Figure 6. Performance scores (mean and standard deviations) across longitudinal sessions by type of training of the cognitive (left) and motor (right) task. The effect on the behavioral performance due to the virtual (VT) vs. real (RT) training was compared.

3.1.2. Assessment of the mobilization of knowledge by level of abstraction

With regard to the level of abstraction: low (LA) vs. high (HA) (see Figure 7), performance in both levels are accompanied by an increase in the score. Notwithstanding, this was more pronounced in the case of low level of abstraction. This occurred in both the cognitive (left) and motor (right) tasks (performance scores in cognitive task, HA: 3.1 ± 26.6 vs. LA: 23.6 ± 31.5, U = 38, p < 0.05; performance scores in motor task, HA: 6.7 ± 16.6 vs. LA: 13.3 ± 11.4, U = 52, p = 0.08). As hypothesized, the effect of the level of abstraction during training was observed to induce behavioral and cognitive changes on the transfer of knowledge. The improvement of the scores in the trained task under high abstraction was lower than under low abstraction of the cognitive and motor tasks. However, when the complementary level of abstraction of the trained task was executed, higher scores are achieved by those who received the training under high abstraction in comparison to those who received the training under low abstraction. This suggests a better mobilization of knowledge under the high abstraction. In this sense, the transfer of knowledge as proxied by the exhibited skills is larger under the higher level of abstraction.

FIGURE 7

Figure 7. Performance scores (mean and standard deviations) across longitudinal sessions by level of abstraction of the cognitive (left) and motor (right) tasks. The corresponding effect of the high (HA) vs. low (LA) level of abstraction on the mobilization of knowledge was compared.

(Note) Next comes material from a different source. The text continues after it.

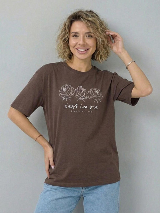 Совместные покупки Курган Женская одежда Футболки — Футболка F5 164103/12716/Life шоколадный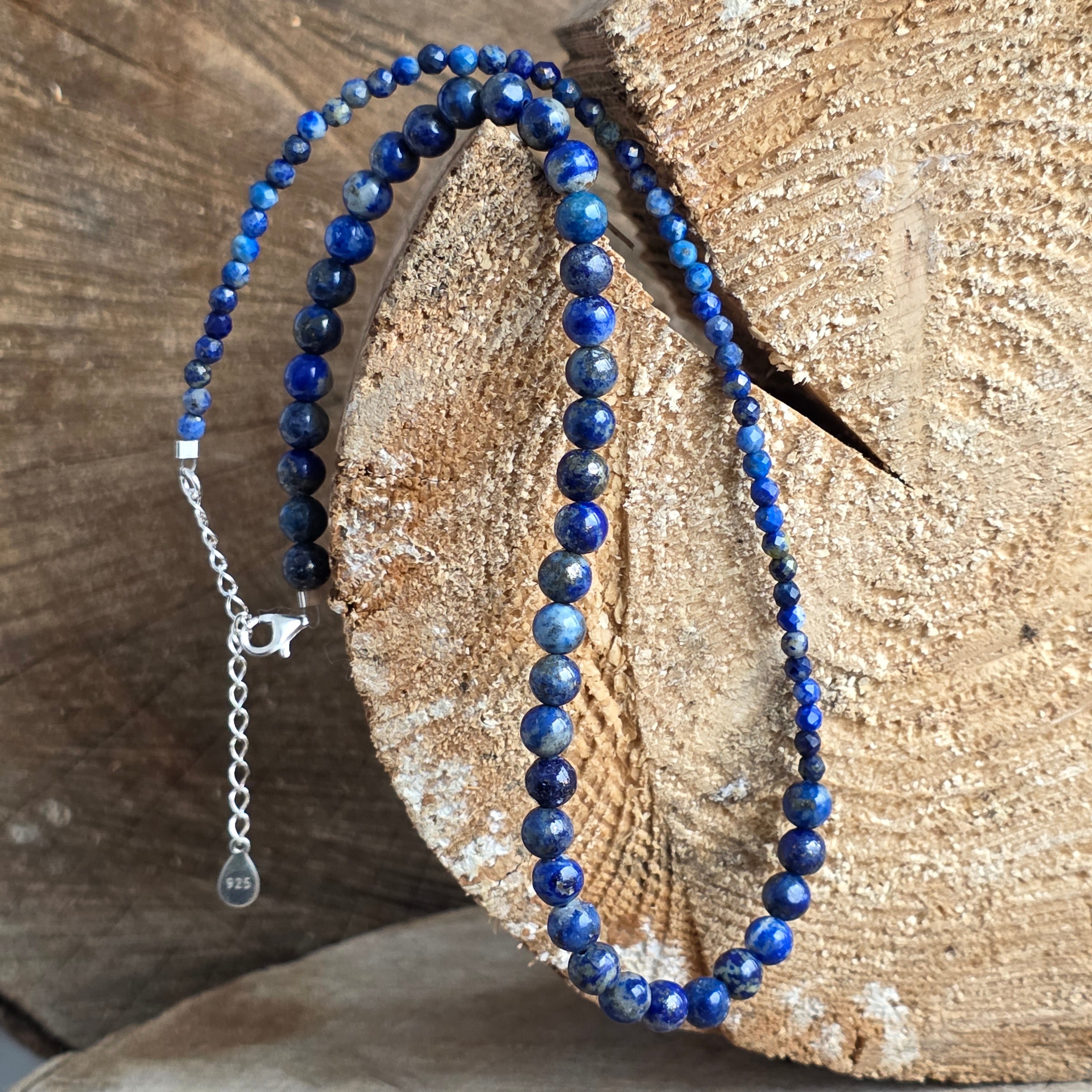 Die 6 mm großen kugelförmigen Perlen, die mit 3 mm großen facettierten Kugeln verflochten sind, verleihen dem Schmuckstück Finesse und Rhythmus und schaffen eine subtile Harmonie zwischen Stärke und Raffinesse. Lapis wird seit der Antike als Symbol getragen Wahrheit, spirituelle Vision und innere Stärke, da er als ein Portal zur Selbsterkenntnis und als Schutz vor disharmonischen Energien gilt.

3.2. Analysis of mental workload

The results regarding the assessment of the mental workload contrast the change of workload that participants obtained in the first training session against the execution of the trained task (session 1 − Execution), comparing the type of training: virtual (VT) vs. real (RT); and level of abstraction: high (HA) vs. low (LA). The analysis was made for the cognitive and motor tasks.

3.2.1. Assessment of the mental workload by type of training

According to the type of training (see Figure 8), the group undergoing virtual training exhibited a moderate decrease in the use of cognitive resources by the end of the training of the cognitive (left) and motor (right) tasks (workload variability in the cognitive task, VT: −3.1 ± 6.0 vs. RT: 2.8 ± 12.5, U = 19.5, p < 0.05; workload variability in the motor task, VT: −0.9 ± 12.8 vs. RT: −2.6 ± 12.1, U = 67.5, p = 0.29). The principles of cognitive load theory indicate that cognitive load can arise from the following three major sources: intrinsic, extraneous, and germane (Chen et al., 2011). Our findings are in agreement with such sources. They show a more evident decrease of workload in the virtual vs. real training from the first session of training to the post-training. Such result is likely to reflect a better effective instructional virtual design against its real counterpart. This is supported by the intrinsic component of the cognitive load which is linked to the learning material.

FIGURE 8

Figure 8. Mental workload (mean and standard deviations) in the first session of training and the execution of the trained task by type of training: virtual (VT) vs. real (RT) in the cognitive (left) and motor (right) tasks.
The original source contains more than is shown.